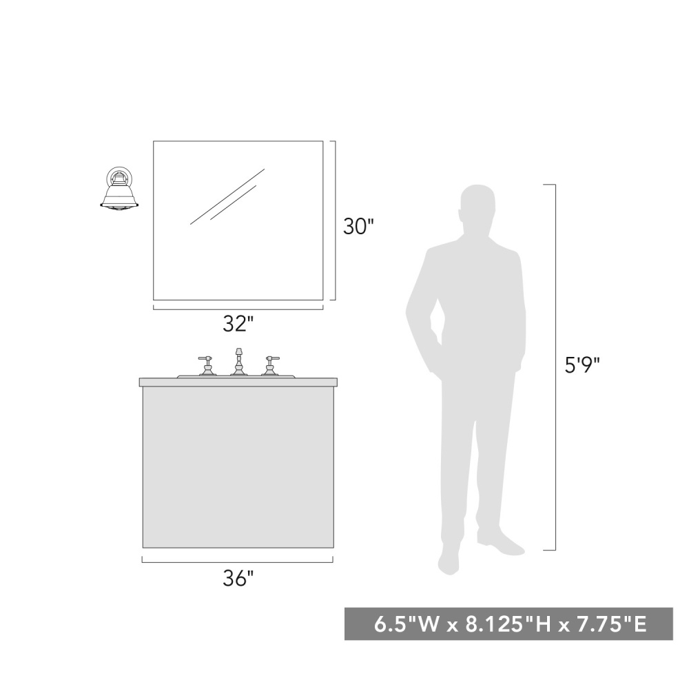 Bring industrial elegance into your home with the Golden Lighting Bartlett 1-light Vanity in Copper Patina. Featuring a metal shade and a Copper Patina frame, it creates a welcoming atmosphere. The metal shade highlights the rustic charm of the design, defined by a deep, oxidized copper base with a chalky patina that tells a story of exposure to the elements. The Copper Patina finish showcases a highly-textured, matte sheen that enhances its artisan quality, making it perfect for rustic and refined spaces. Ideal for illuminating bathrooms, this fixture is damp location rated, suitable for covered and semi-enclosed spaces with occasional moisture. It measures 6.5"W x 8.13"H x 7.75"D and requires 1 E26 Medium base bulb (not included), with a maximum wattage of 100. Add a touch of classic industrial charm to your decor with this versatile vanity light that complements various design aesthetics while providing practical illumination.
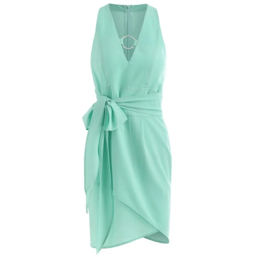 About Low Cut leeveless Chiffon Dress - Aquamarine Fansmadedirect
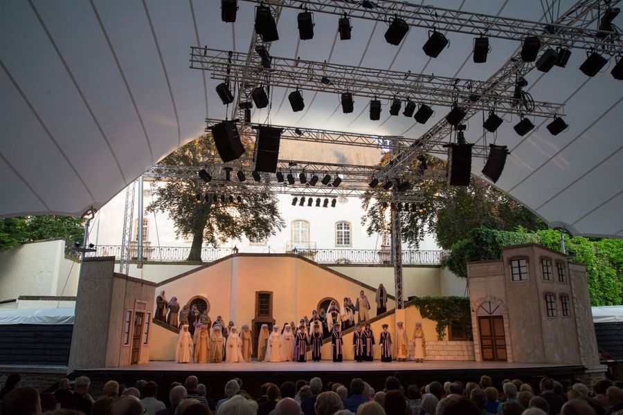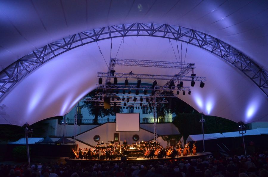 Evénements internationaux dans l’amphithéâtre avec le château de Wiltz en toile de fond.
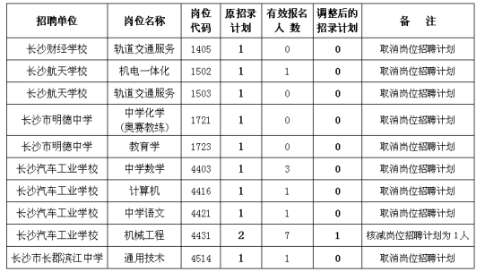 根據(jù)《招聘簡章》的規(guī)定,2017年長沙市教育局直屬單位公開招聘教師報名已于3月28日結(jié)束,按照筆試開考比例1∶4的要求,共有9個招聘崗位被取消、1個崗位需核減招聘計劃數(shù)(詳見下表),現(xiàn)將應(yīng)核減、取消的招聘崗位公告如下。被取消的崗位報考人員報考費將由報名系統(tǒng)退還繳費賬戶。
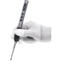 Lutownica została wyposażona w funkcje automatycznego wyłączania oraz tryb uśpienia po 10 minutach nieaktywności, co zwiększa bezpieczeństwo użytkowania oraz oszczędza energię.
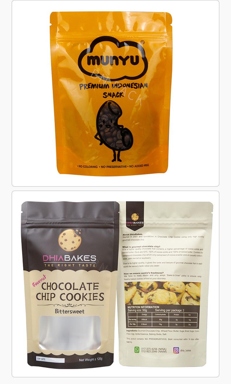 Bolsa de embalaje para dulces, horneado de alimentos PE, venta al por mayor de fábrica, en stock, papel de aluminio, copo de nieve, pastel, seca, autosellable, con cremallera, bolsa autoestable
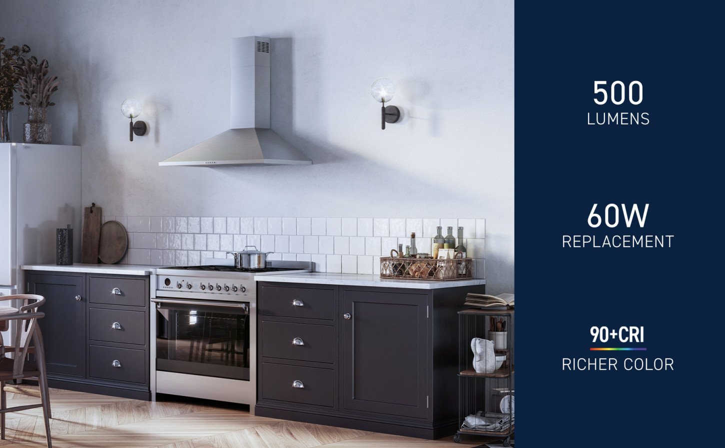 - 500 Lumens of brightness and 90+ CRI makes colors vivid and true-to-life, refreshing your décor
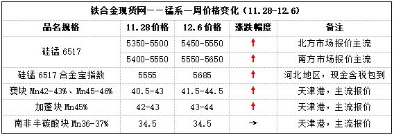 市场格局 - 近期硅锰市场整体呈现成本驱动增强、供需博弈提升、价格震荡观望的格局 [1] - 成本支撑不断强化,但硅锰自身供需结构改善有限 [1] - 短期随着钢招逐步展开,市场难减观望情绪 [1] 价格变动 - 硅锰6517北方市场主流报价从11月28日的5350-5500元/吨上涨至12月6日的5450-5550元/吨 [2] - 硅锰6517南方市场主流报价从11月28日的5400-5550元/吨上涨至12月6日的5550-5650元/吨 [2] - 河北地区硅锰6517合金宝指数从11月28日的2555元/吨大幅上涨至12月6日的5685元/吨 [2] 锰矿原料价格 - 天津港澳块(Mn42-43%、Mn45-46%)主流报价从11月28日的40.5-43元/吨度上涨至12月6日的41.5-44.5元/吨度 [2] - 天津港加蓬块(Mn45%)主流报价从11月28日的42-43元/吨度上涨至12月6日的43-44元/吨度 [2] - 天津港南非半碳酸块(Mn36-37%)主流报价在11月28日至12月6日期间稳定在34.5元/吨度 [2]
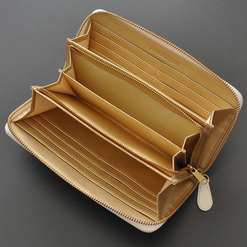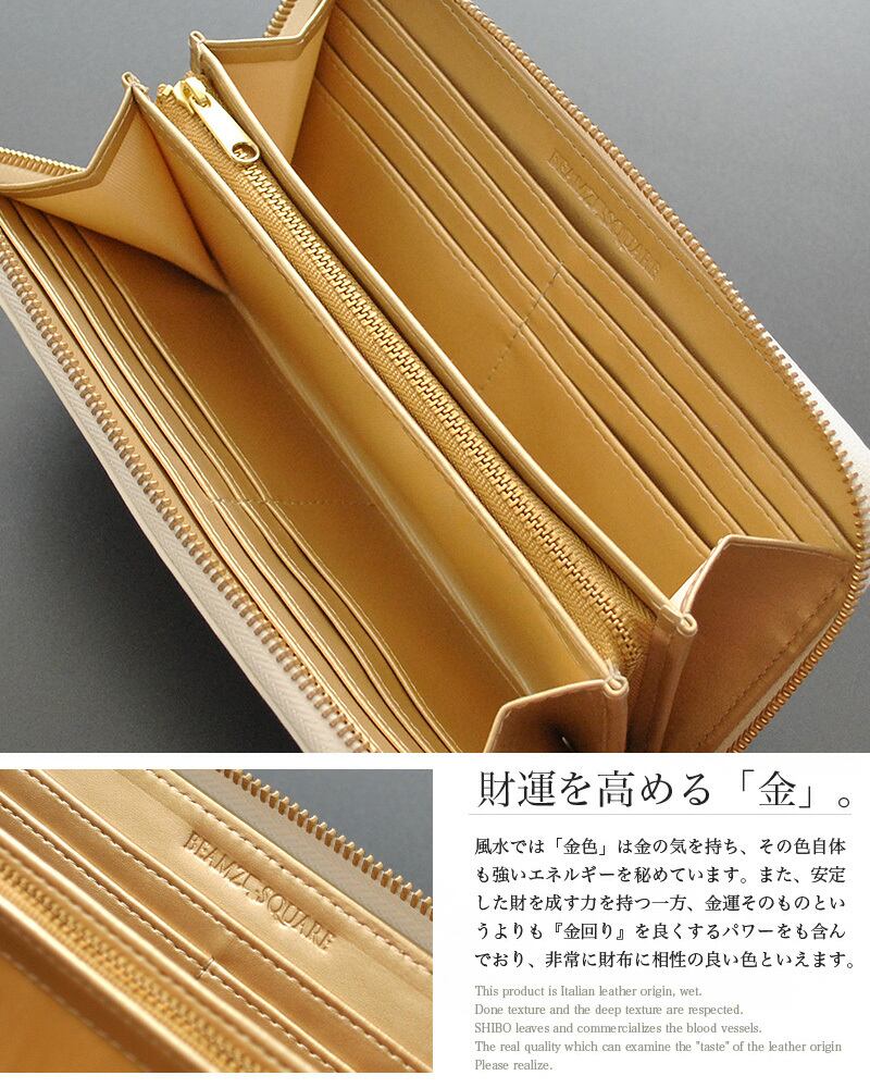 BEAMZSQUARE マットホワイト×ゴールド 牛革ラウンドファスナー 長財布 開運 金運 財布
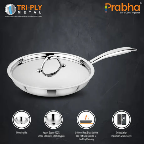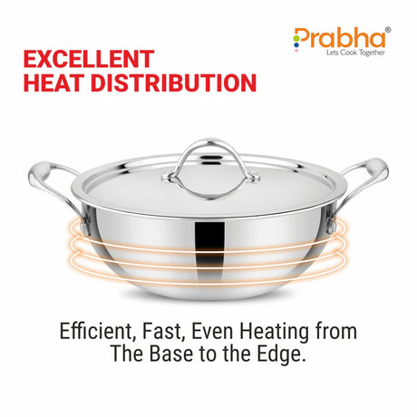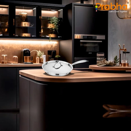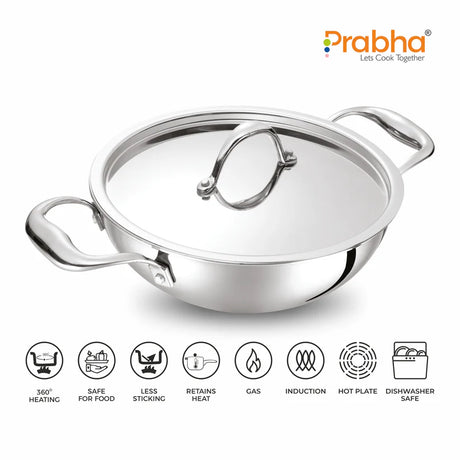Prima Triply Kadhai Flat Bottom With Lid – 1.4L, 18cm
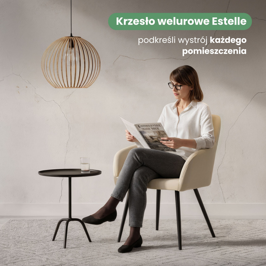 Az ESTELLE bársony szék a minimalista design és a praktikus funkcionalitás tökéletes ötvözete. A puha tapintású, prémium minőségű bársony kárpit nemcsak vizuálisan vonzó, hanem rendkívül kényelmes is, így hosszú étkezések és beszélgetések során is maximális komfortot nyújt. A szék elegáns bézs színe univerzális, könnyen illeszkedik mind a modern, mind a klasszikus berendezésekhez.
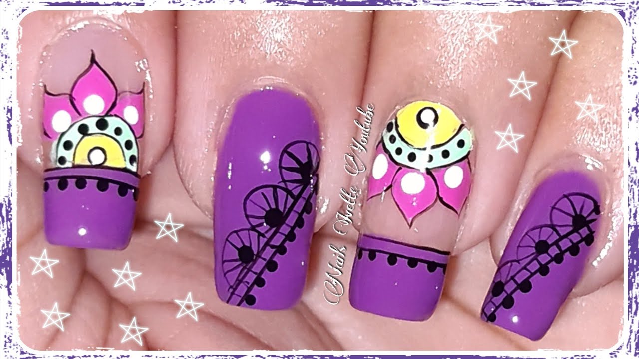 Uñas decoradas en tono morados/decoración de uñas mandala en color morado/uñas paso a paso YouTube
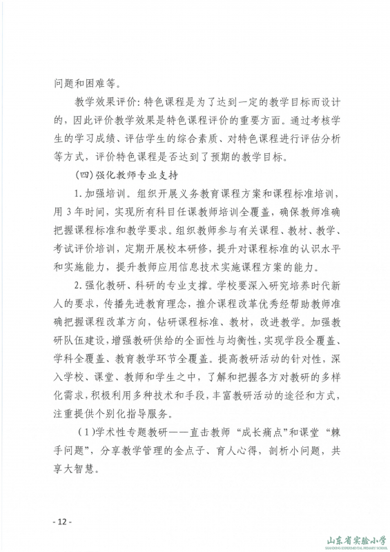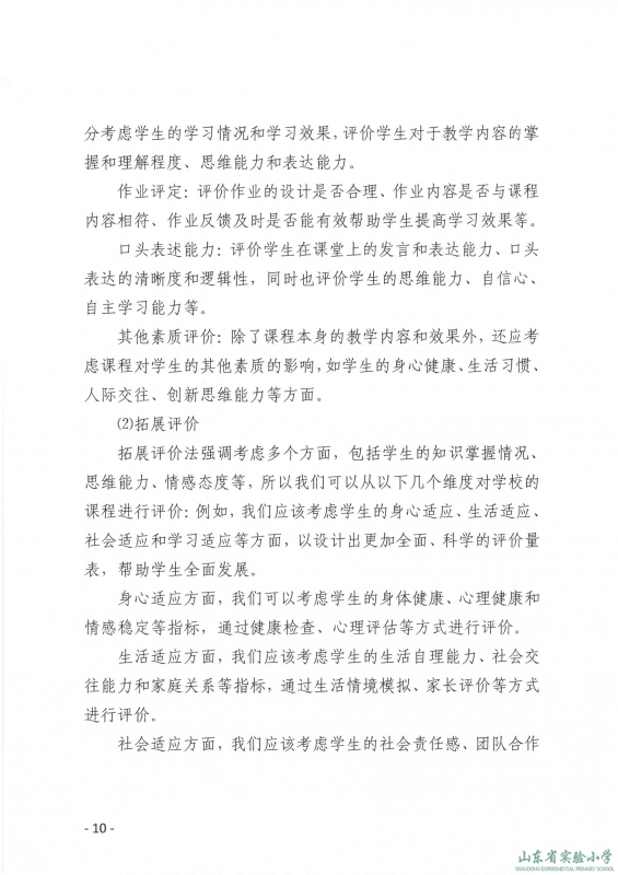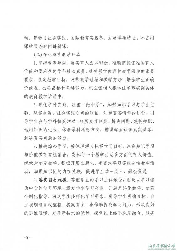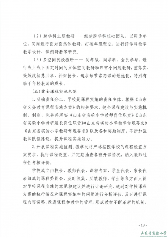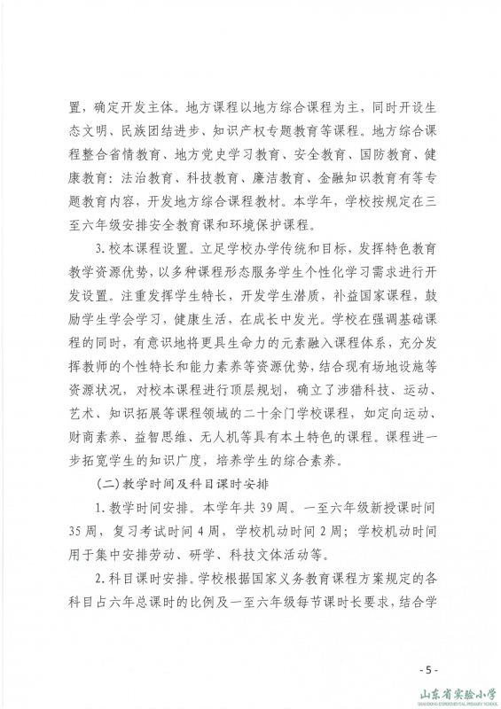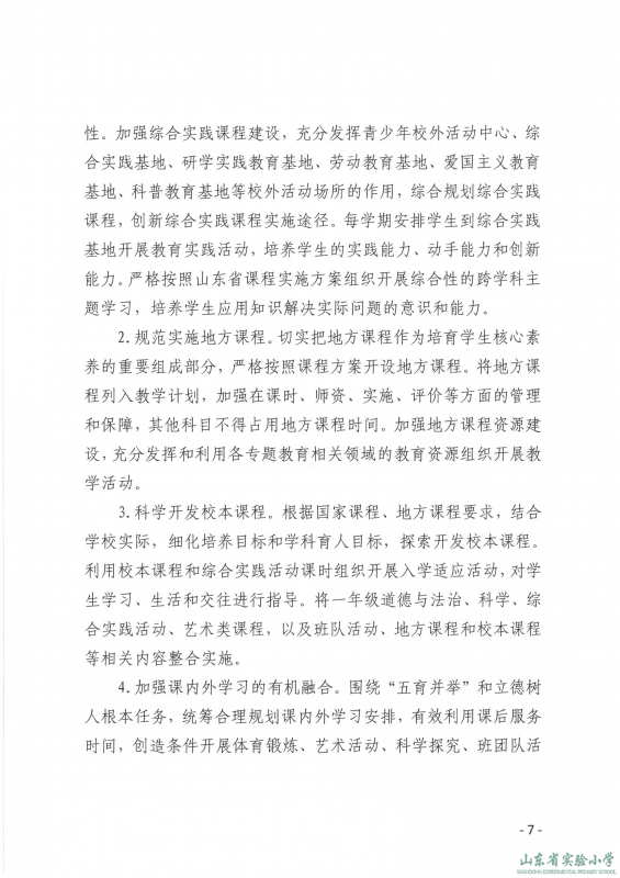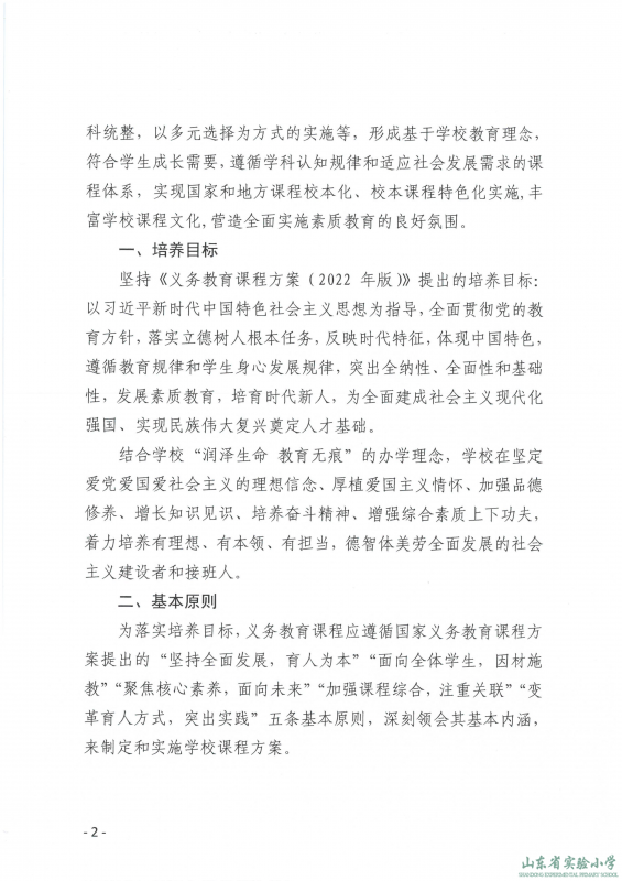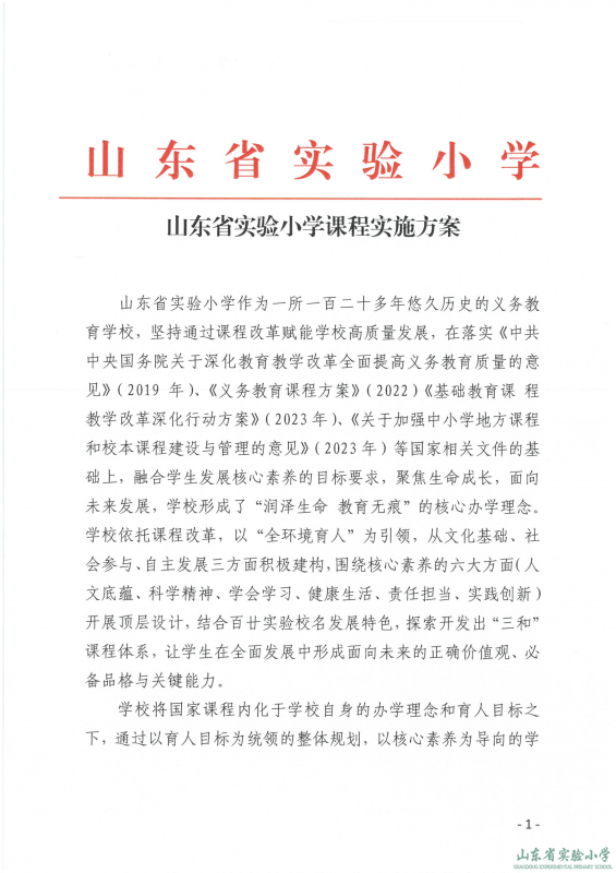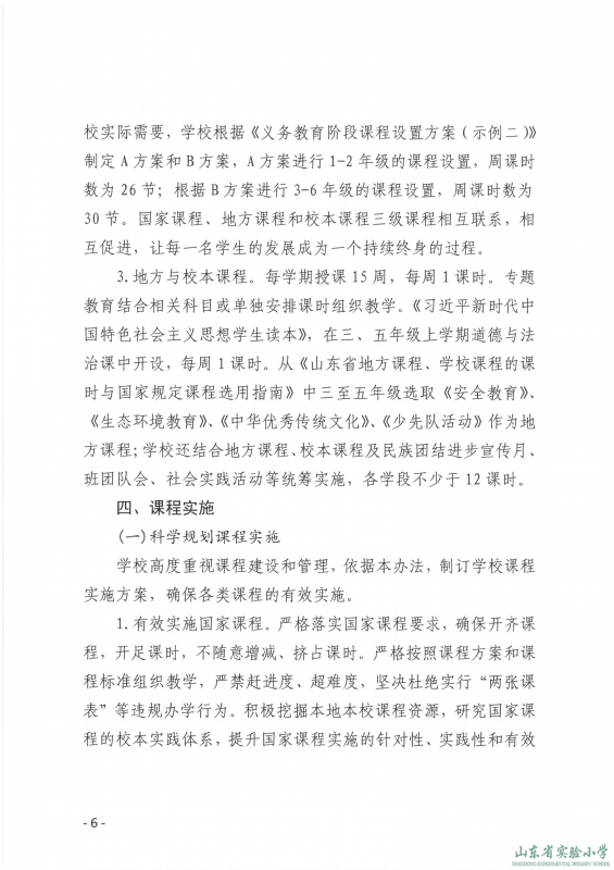 山东省实验小学课程实施方案

::::

_Problem to work on_.
The answer must be the part of the records that opens with the line containing "About Low Cut" and closes with the line containing "- 500 Lumens", reproduced exactly, with no pictures.

_Your response_.
 About Low Cut leeveless Chiffon Dress - Aquamarine Fansmadedirect
 Evénements internationaux dans l’amphithéâtre avec le château de Wiltz en toile de fond.
 根據(jù)《招聘簡章》的規(guī)定,2017年長沙市教育局直屬單位公開招聘教師報名已于3月28日結(jié)束,按照筆試開考比例1∶4的要求,共有9個招聘崗位被取消、1個崗位需核減招聘計劃數(shù)(詳見下表),現(xiàn)將應(yīng)核減、取消的招聘崗位公告如下。被取消的崗位報考人員報考費將由報名系統(tǒng)退還繳費賬戶。
 Lutownica została wyposażona w funkcje automatycznego wyłączania oraz tryb uśpienia po 10 minutach nieaktywności, co zwiększa bezpieczeństwo użytkowania oraz oszczędza energię.
 Bolsa de embalaje para dulces, horneado de alimentos PE, venta al por mayor de fábrica, en stock, papel de aluminio, copo de nieve, pastel, seca, autosellable, con cremallera, bolsa autoestable
 - 500 Lumens of brightness and 90+ CRI makes colors vivid and true-to-life, refreshing your décor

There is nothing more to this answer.